Keep in mind that Mom is watching this happen before her eyes. What have you done to establish your authority?

  1. You’ve provided her with a language pattern that both her and Johnny understand. This is huge.
  2. You’ve given Mom the “integrity” framework to deal with any reluctance to go to class.
  3. You’ve provided her with a strategy to engage Johnny in less fun activities so that going to class is an easy decision.
  4. You’ve laid out when Johnny should get ready for class without complaint.
  5. Before her eyes, you taught her son important lessons with real-world examples. No doubt, your authority sky-rocketed in her eyes and in her heart.

Look for places where you can make these kinds of strong emotional connections. 

Demonstrate true authority and leadership. That will last much longer than trite, shallow compliments like “Awesome! Good job.”

This will help your students to understand how and why they are training with the best school.

With the sudden mass of new members attracted by our custom website and Empower Kickboxing curriculum, one of the common questions is “Should I charge for a trial program?”

(Check out the Trial Course Page from our websites.)

Before answering that, here is a simple question:

If I could pay you $50,000, would you strip martial arts from your life for 50 grand, as though you never took that first class?

I’ve never met a black belt who would. 

If you could take a new student forward in time to give him or her the feeling of being a black belt, do you think they would miss classes?

Do you think they would hesitate to join your school at twice the price you are currently charging?

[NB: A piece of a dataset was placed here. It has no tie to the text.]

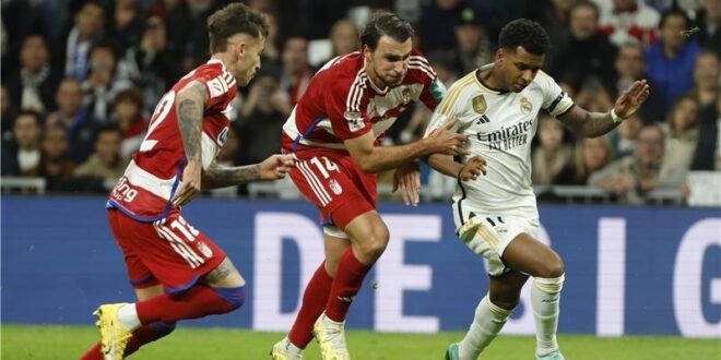 فاز ريال مدريد على ضيفه غرناطة بنتيجة 2-0 مساء اليوم السبت، ضمن منافسات الجولة 15 من عمر الدوري الإسباني.

How are you reflecting that value in your school?

Quality is always associated with higher prices. I’m not just trying to get you to raise your prices; I really don’t care what you charge.

But I do care that you recognize and Value What You Do.

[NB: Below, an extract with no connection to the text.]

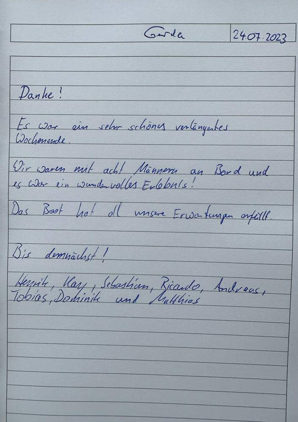 Lesen Sie einen weiteren Bewertung über einen Bootsurlaub mit dem Boot Gerda.

That sense of value is reflected in a number of ways, including tuition.

In three decades of coaching school owners, I find this is the most common mindset issue for school owners.

At the core of Value What You Do is this attitude:

I am a highly-skilled, unique martial arts professional in our community. There are very few, if any, people who can provide the service and benefits that I can. I am not going to spend my time, stress, and money teaching people who are not committed to earning a black belt with me.

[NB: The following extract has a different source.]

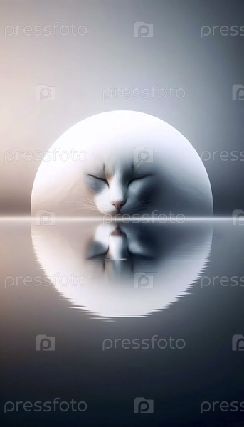 Мечтательный плакат с отражением кошки, Ai generated image

If your response is, “That would never work in my area,” then this is exactly the issue for you to focus on.

This is the most common problem with martial arts schools.

Even though we have personally undergone an amazing transformation through the martial arts, many of us do not demonstrate it in how we run our business.

This is not about tuition. This is about every aspect of your school, from logo design to black belt graduations.

I was always the most expensive school in the Tampa Bay area. Someone had to be. Why not me? I worked very hard to become the best teacher I could.

How about you? When was the last time you took a course on teaching like the MATACertification.com course?

When was the last time you hired a coach to watch you teach and help you get your school on track?

When was the last time you taught your staff how to do what they are supposed to do?

You’re a black belt. So what? So is every competitor in your area. What makes you better?

It starts with placing and demonstrating that you place a High Value on What You Do. If you don’t no one else will either..

Charge for your trial lessons. Show that you value what you do from the start.

I’m not going to tie up an instructor for an hour with people who are not willing to pay $20.
In sales, this is known as a qualifier. Someone who is looking for what you offer expects to pay for it.
They are “qualified” financially to enroll. Someone who can’t or won’t pay $20 for two lessons and a school t-shirt is not going to enroll. They are “not qualified.”
The Two-Class Course Strategy
You can either enroll them into your Trial Program or invite them to come in and watch a class first and then enroll in the Trial Program.
Trial Progam Class 1 ends and then you present your membership options and tell them to “think about it” because you have class 2 already set.
If they show up, they have already “thought about it” and are ready to enroll.
If they don’t show, you don’t have to teach people who are not going to enroll.